## What you will do
Using the records below, transcribe word for word the stretch from the line that contains "今日は私とハンズオン東京より" through the line that contains "2/3/4/5/6 Gang Extension", both end lines included, and nothing else.

## Data supplied

++++++

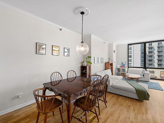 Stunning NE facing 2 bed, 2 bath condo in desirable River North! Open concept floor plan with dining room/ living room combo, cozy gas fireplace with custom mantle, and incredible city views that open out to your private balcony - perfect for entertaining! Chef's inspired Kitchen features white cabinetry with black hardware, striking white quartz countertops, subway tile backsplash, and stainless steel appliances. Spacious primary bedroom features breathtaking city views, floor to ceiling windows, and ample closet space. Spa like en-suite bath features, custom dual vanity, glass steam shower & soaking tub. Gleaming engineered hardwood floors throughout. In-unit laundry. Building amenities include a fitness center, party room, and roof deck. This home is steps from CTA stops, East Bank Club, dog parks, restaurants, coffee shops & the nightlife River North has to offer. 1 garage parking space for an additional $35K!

++++++

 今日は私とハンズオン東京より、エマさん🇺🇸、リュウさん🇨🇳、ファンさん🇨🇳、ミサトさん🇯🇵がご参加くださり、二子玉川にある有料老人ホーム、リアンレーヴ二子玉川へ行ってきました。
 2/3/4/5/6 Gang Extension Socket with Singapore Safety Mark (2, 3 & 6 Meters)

++++++

## Result below
 今日は私とハンズオン東京より、エマさん🇺🇸、リュウさん🇨🇳、ファンさん🇨🇳、ミサトさん🇯🇵がご参加くださり、二子玉川にある有料老人ホーム、リアンレーヴ二子玉川へ行ってきました。
 2/3/4/5/6 Gang Extension Socket with Singapore Safety Mark (2, 3 & 6 Meters)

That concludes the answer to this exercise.